Innovation in Language Learning

Edition 16

Accepted Abstracts

Learning German as a Foreign Language: An Empirical Investigation of Motivation Based on Self-Determination Theory

Konstantinos Chatzidimou, Aristotle University of Thessaloniki (Greece)


The role of motivation in L2 learning is widely acknowledged. Hence, motivation in foreign language learning has become a focus of interest of several researches and various motivation theories have been provided. One of the leading theories within the category of the cognitive approaches in motivation is the self-determination theory (Deci & Ryan, 1985; Dörnyei, 2003; Noels et al., 2003). Starting from this point, the present study explored the motivation of Greek learners of German as a foreign language in the light of self-determination theory. 152 students of the School of German Language and Literature of the Aristotle University of Thessaloniki participated in the questionnaire study. Its research tool was based on previous similar investigations in international settings (Noels et al., 2003).

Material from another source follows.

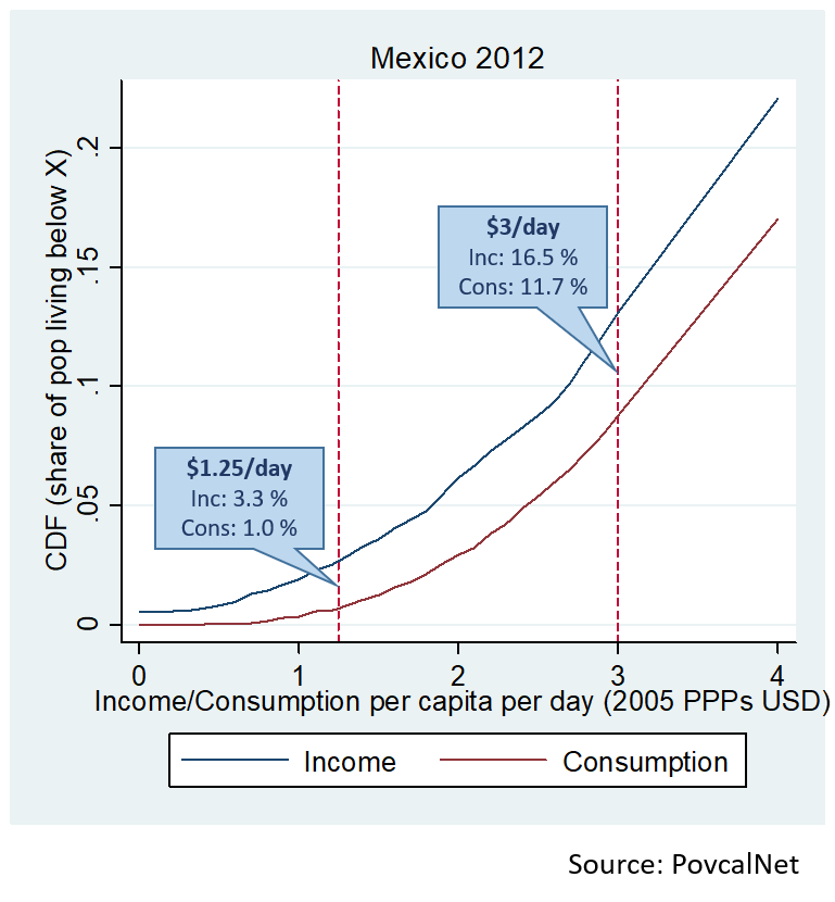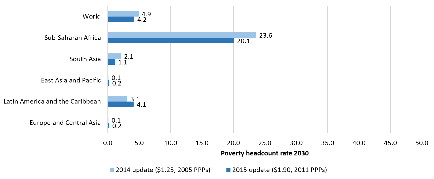 class: center, middle, inverse, title-slide # Global Poverty ## Poverty measurement workshop ### R.Andrés Castañeda (based on the slides Dean Jolliffe and Espen Prydz) ### The World Bank ### 2019-07-18 --- ## Measuring Global Poverty: Basic Approach followed by the World Bank Focus tends to be on the international poverty line, but ... -- There are two main ingredients, 1. Indicator of wellbeing (income or consumption) 2. Selection of poverty line, expresses in common currency -- - These ingredients are aggregated to a summary of index for a _common_ year - Global headcount of extreme poverty in 2012 (Ferreira et al., 2015) - Key Assumptions - Measure of wellbeing comparable across countries and over time - Common poverty line is comparable across countries and over time. --- ## National household surveys – foundation of the global poverty estimate - NSOs collect household survey data for national poverty policies, not global poverty measurement. - Typically reflecting country context, some countries collect data on consumption, expenditure, and/or income - Data is collected at the household level, differing adjustments for adult-equivalence (and/or economies of - scale) - Some efforts to standardize - Some regional efforts to bring more uniformity of instrument - WB staff often ‘teach’ Deaton-Zaidi guidelines for consumption - PovCal requests data in per-capita terms - But, important comparability issues remain… --- ## Comparability issue: Income and consumption .pull-left[ - Income and consumption are different concepts (savings, volatility) - Surveys often have zero incomes; seldom zero consumption. - Zeros exert significant influence on extreme poverty measures; more so as goal of eliminating poverty nears. - Example: Poverty in Mexico 2012 (at $1.25/day, 2005 PPPs) was 3% based on income, 1% based on consumption ] .pull-right[ <img src="./img/mexico.png" width="1025" style="display: block; margin: auto;" /> ] --- ## Comparability issue: How consumption is measured differs (both between and within countries) - Differences in questionnaire affect consumption: - Diaries vs. recall - Nonfood varies (some include rent, durables, and/or health; others do not) - Count of pre-coded food items affects aggregate - Recall frame affects responses (e.g.,. Telescoping, “Great Indian Debate”) - Many other important differences: Timing of fieldwork, Training, Supervision, Cleaning/editing rules; - etc. ??? - INDIA EXAMPLE: Since 1950s - India used uniform 30-day recall period (URP), then switched recall frame - twice. In 2009, switched to “modified mixed reference period” (MMRP), short for some, long for others. - MMRP-based consumption gives poverty rate of 12 percent for 2011/12. - URP results in poverty rate of 21 percent for 2011/12 (used in WB estimate) - Difference of 109 million poor people in India’s and global estimates. --- ## Comparability (cont.): Measurement methods differ .pull-left[ <img src="./img/recall_period.png" width="1140" style="display: block; margin: auto auto auto 0;" /> ] .pull-right[ - Household consumption surveys vary widely (over time & countries) - Beegle et al. (2012) provide experimental evidence on the effect - Exact same instrument except increase recall period - => 12% drop in avg consumption - => 8 point (%) increase in pov - Same recall period, but long list collapsed to comprehensive groups => 24% drop in avg consumption => 32% drop in shared prosperity - Research can inform questionnaire design & provide bridges across otherwise non-comparable data ] --- ## Complementary data needed to estimate poverty Household surveys are necessary but not sufficient. We also need - Purchasing power parity (PPP) indices -- - Population (census) data -- - Inflation and national accounts growth (consumption or GDP) ??? PPP: Make poverty lines and welfare comparable across countries - To estimate total number of poor - population frame for survey sample - Inflation data to keep measures of wellbeing in real terms - NA data to "line up" surveys into reference years --- ## Data Details: Consumption vectors scaled to common reference year .pull-left[ - Most countries do not collect household surveys on annual basis, need to line up data to common point in time. - If a survey is not available in the reference year, closest survey(s) are extrapolated to reference year using NAS growth rates. - GDP growth used in AFR, Private Consumption Expenditures used in other regions. ] .pull-right[ <img src="./img/reference_year.png" width="816" style="display: block; margin: auto auto auto 0;" /> ] --- ## Global prospects for 2030 <img src="./img/forecast_2030.png" width="2300" style="display: block; margin: auto auto auto 0;" /> --- ## Data and Assumptions - Are the measures of economic wellbeing comparable? - Is the value of the international poverty line ($1.90) comparable across countries? - Is the value of the $1.90-line comparable with the previous international poverty line ($1.25)? - And a couple of other interesting data questions…. --- class: center

The study explored aspects of intrinsic and extrinsic motivation, as well as amotivation and basic orientations in language learning. Perceived competence and anxiety were also investigated. Exploratory factor analysis of the items of the questionnaire and correlations among the motivational subscales were carried out in order to examine various parameters of self-determination in the Greek context of foreign language learning.

Keywords: Foreign Language Learning; Motivation; Self-Determination Theory; German as a Foreign Language.

[1] Deci, E.L., & Ryan, R.M. (1985). Intrinsic motivation and self-determination in human behaviour. New York: Plenum.
[2] Dörnyei, Z. (2003). Attitudes, Orientations, and Motivations in Language Learning: Advances in Theory, Research, and Applications. Language Learning, 53(1), 3-32.
[3] Noels, K.A., Pelletier, L.G., Clément, R., & Vallerand, R.J. (2003). Why Are You Learning a Second Language? Motivational Orientations and Self-Determination Theory. Language Learning, 53(1), 33-64.